As you saw in Chapter 26, Tableau Prep’s Group and Replace functionality is pretty incredible with the rich, easy-to-use options that are built into the tool (Figure 28-1).
If you haven’t had a chance to explore these, I recommend both revisiting Chapter 26 and attempting Preppin’ Data 2019: Week 2, where you get to use these techniques on the City field. Do this before continuing to read this chapter if you want to avoid challenge spoilers!
The Tableau developers have added an extra level of validation to data cleaning with data roles.
For string data fields, you can now set a specific data role for Prep to test the data against. You can test geographic roles, email addresses, and URLs against Tableau’s own list to see if they are valid.
When you click on the Data Type icon to change the data type, you will see a drop-down list of options (Figure 28-2). In this example, I’m assigning the City role.
By selecting City to compare the list of city names from the Week 2 exercise, you can see what Prep recognizes as a true city name and what it doesn’t (Figure 28-3).
With this highlighting, you can easily work through all of the problems using Prep’s fantastic Group and Replace functionality.
But what if you want to get rid of those errors? Well, by having an active data role, you actually get a few more options to play with (Figure 28-4).
You can select whether you want to see:
You can also group by the data role members, but I haven’t found a use case where this has helped my data preparation yet. Maybe that will be a future Preppin’ Data challenge.
As of version 2019.3.1, not only can you use Tableau’s data roles, but you can also create a custom data role from any string or integer data fields. The data role will comprise all of the values in the field. To create a custom data role, in a Clean step open the ellipsis menu in the data field you want to use (Figure 28-5).
Custom data roles are held on Tableau Server or Tableau Online, so you’ll need to publish them. Selecting Publish as Data Role will place an output for the data role into the Flow pane (Figure 28-6).
The configuration of the output for the custom data role is similar to that for a data source being published to a Tableau Server or Online location. You must specify the server, site, and project to publish the data role to. Custom data roles can be published only to a single site on the Tableau Server or Tableau Online instance. The site also needs to be the same as the data set’s output location if you are publishing the data source. In the configuration, you can give the custom data role a name as well as a description to help others understand it (Figure 28-7).
Clicking Run Flow publishes the custom data role. Your custom data role and others published can be found in the Explore section of the Tableau Server or Tableau Online instance (Figure 28-8).
You can view the data role by clicking on its name. This reveals the values it includes and gives you the opportunity to edit the description (Figure 28-9).
To be able to use the custom data role, you will need to be signed into the site on the Tableau Server or Online instance in which you published it. Once you are logged in, you can select the custom data role or any of the default data roles available from Prep Builder (Figure 28-10).
If you change Central to North and apply the custom data role Region Data Role, Prep Builder highlights the values that do not match (Figure 28-11).

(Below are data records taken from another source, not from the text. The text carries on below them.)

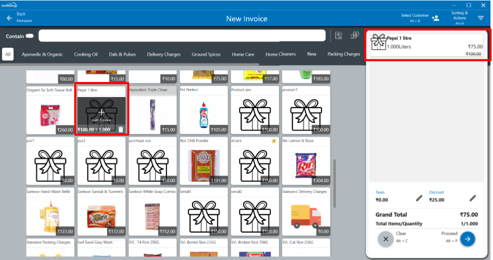 Given a 25% discount for the Pepsi brand , the item 1 Ltr. Pepsi bottle will be billed at discounted rate. The discount will be reflected after adding the product to cart (see figure 6).
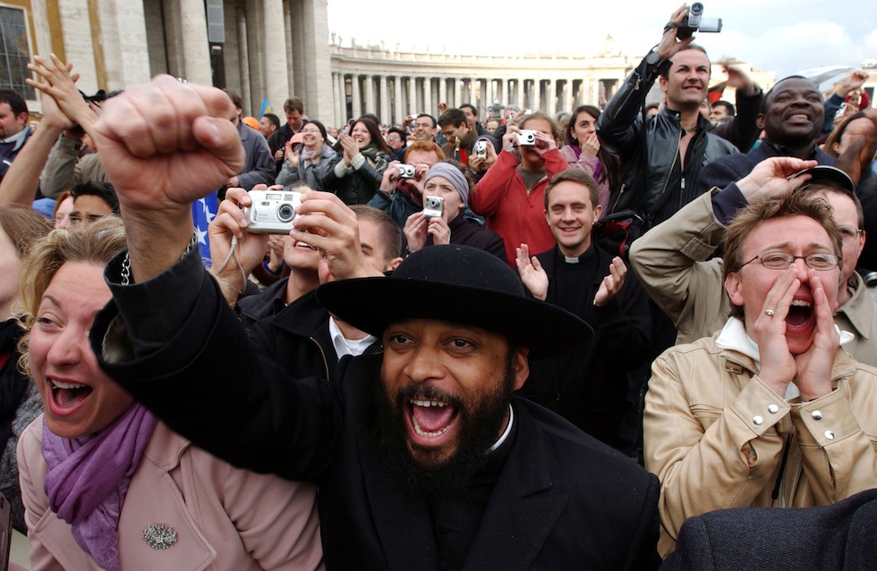 Se poi andiamo a vedere le foto della folla nel momento della proclamazione di papa Benedetto XVI, il 19 aprile 2005, ci rendiamo conto che allora come adesso il desiderio di conservare la fotografia di un momento storico di cui si è stati testimoni era fortissimo: semplicemente non c’erano gli stessi strumenti di oggi per farlo.
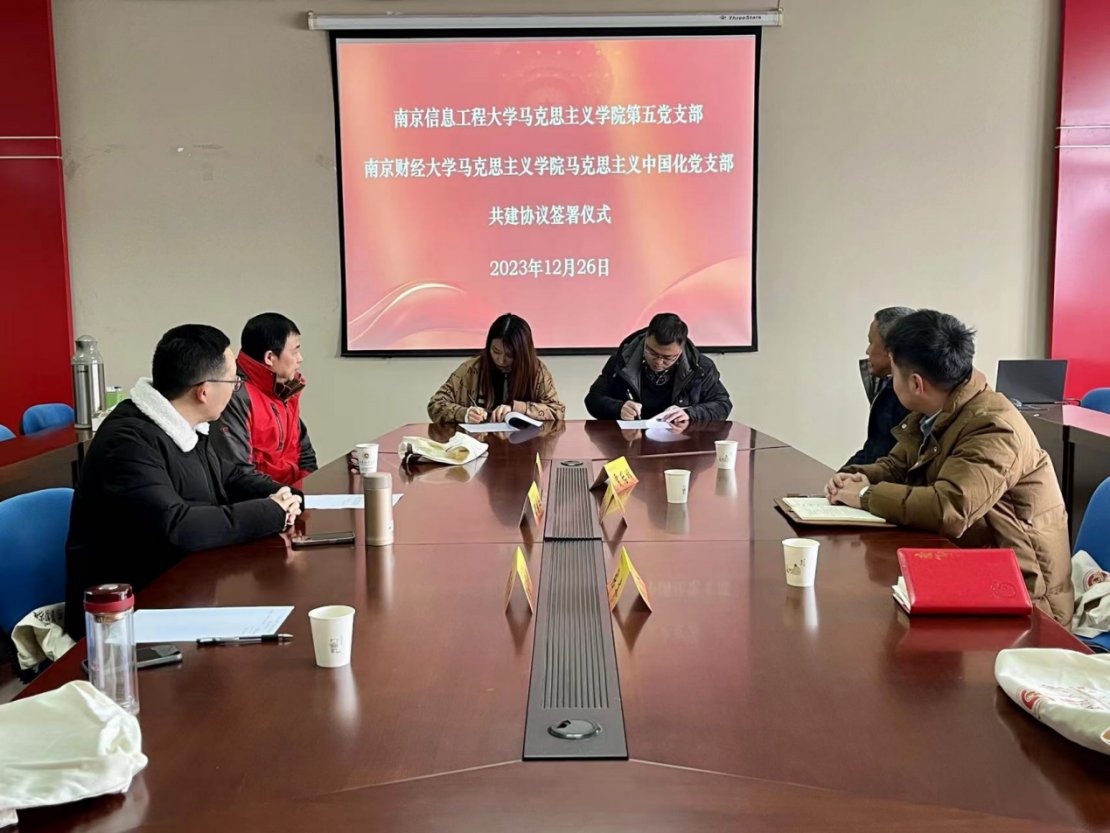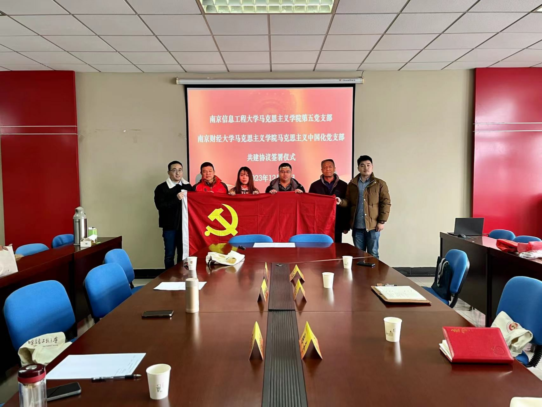 12月26日上午,南京信息工程大学马克思主义学院第五党支部与南京财经大学马克思主义学院马克思主义中国化党支部在南京财经大学德正楼508会议室举行结对共建仪式。南京信息工程大学马克思主义学院第五党支部书记许川川、教研室主任张齐、贾后明教授,南京财经大学马克思主义学院马克思主义中国化党支部书记黄继红、教研部主任杨荣刚、于海量教授出席仪式,结对共建仪式由黄继红主持。
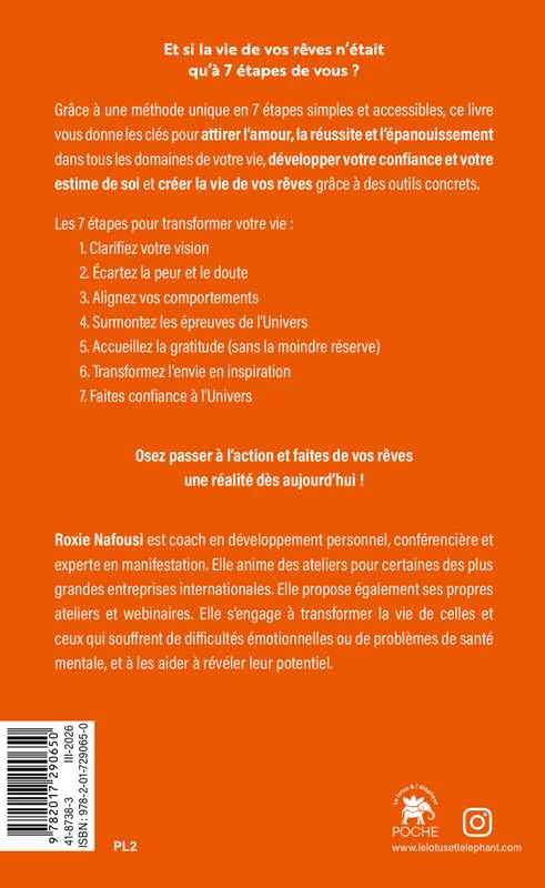 Grâce à une méthode unique en 7 étapes simples et accessibles, ce livre vous donne les clés pour attirer l’amour, la réussite et l’épanouissement dans tous les domaines de votre vie, développer votre confiance et votre estime de soi et créer la vie de vos rêves grâce à des outils concrets.
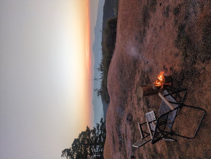 This image depicts an outdoor scene at sunset in Trường Thọ, Vietnam. The foreground features reddish-brown earth with sparse patches of dry grass, characterized by subtle undulating terrain. Two dark-framed folding camping chairs with lighter armrests are positioned facing the distant horizon. To the immediate right of the chairs, a small campfire burns with visible flames and rising smoke, situated next to a vertical tree stump. The midground consists of a ridge line covered with low vegetation. In the background, a panoramic vista of layered mountains extends to the horizon. The sky exhibits a gradient from light gray at the zenith to distinct orange and pink hues along the horizon. A tall, slender structure, consistent with a wind turbine, is visible in the distant midground, silhouetted against the colorful sky. Pine trees partially frame the left side of the scene. No individuals are present.
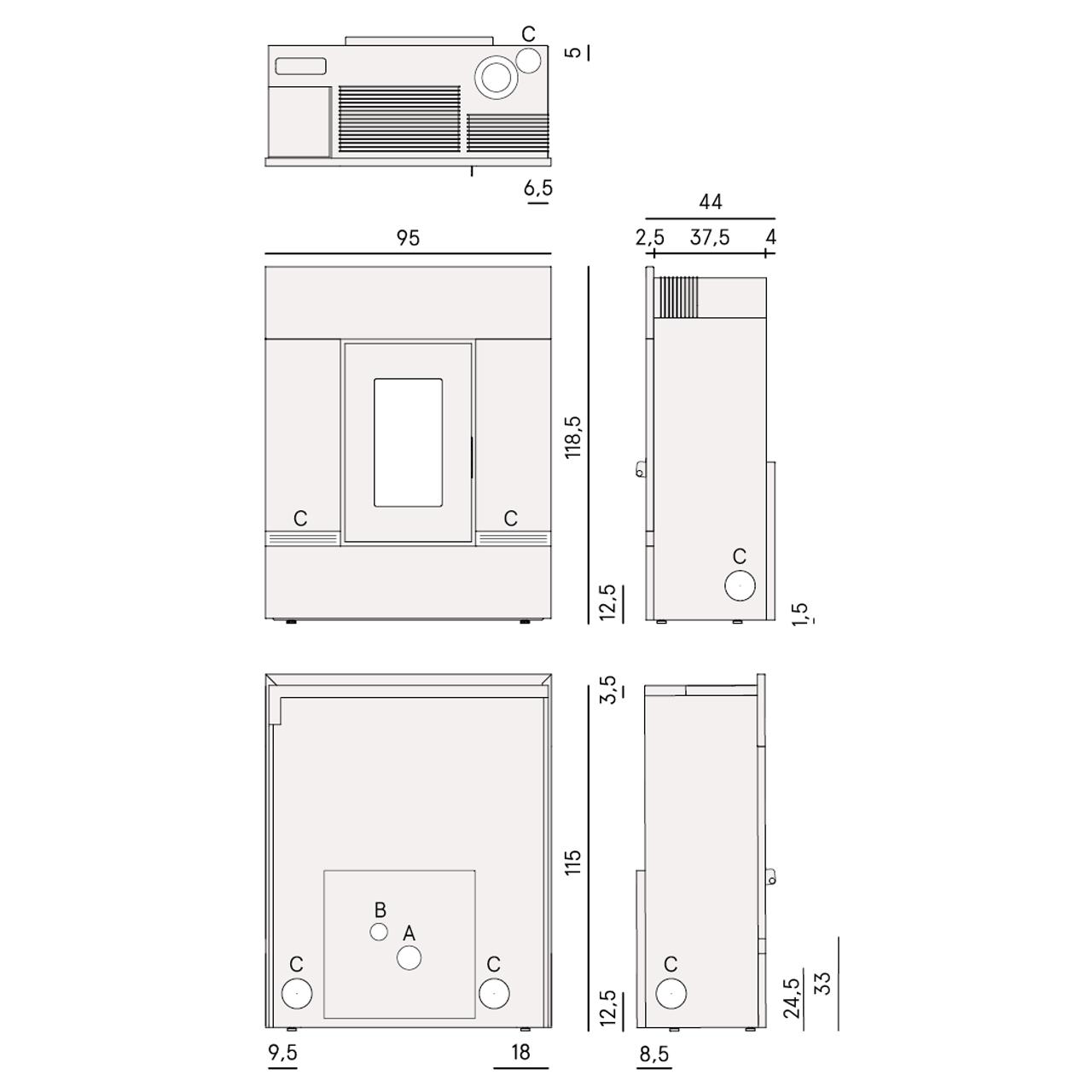 | Pelletverbrauch (pro Stunde) | kg/h | 0,9 - 3,3 |
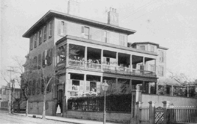 Constructed 1849. Build by the wealthy merchant Benjamin Lazarus, a Sephardic Jew, this 3-story frame dwelling on a masonry basement later was used as the Charleston Female Seminary, also known as Miss Kelly's School. Kelly's philosophy was that the school "is designed for the education and training of Christian women." It was during its tenure as a school in the late-19 century that a large 3-story wing was added to the south. However, many of the original elements survive, including beaded weatherboard siding and window surrounds.
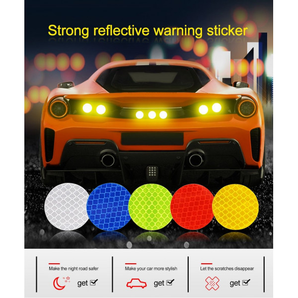 10 discosreflexivocon un diámetro de 3,7 cm que reflejanla luz en la dirección de donde proviene, haciendo que el objeto sobre el que se ha colocado el reflector sea más visible en la oscuridad. Alta visibilidad con una duración garantizada de varios años, aplicar sobre una superficie limpia y seca. Se pueden fijar a cualquier superficie dura, como bicicletas y más.Resistente al agua y a los rayos ultravioleta., disponible en más colores. Fabricado con material reflectante de diamante para una súper refracción.
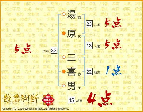 湯原三喜男さんの天運は23画の5点!

Custom Data Roles have the same options as the default data roles: Valid, Not valid, or All values (Figure 28-12).
Data roles in Prep Builder are a similar concept to Desktop’s geographical roles but go further by giving you insight into whether data needs to be cleaned. By selecting the “Not valid” option, you can choose to filter or clean those values. Selecting “Valid” can give you the reassurance that the remaining data values meet set criteria. Custom data roles can allow an organization to match the values that are important to it, or those that are otherwise difficult to validate.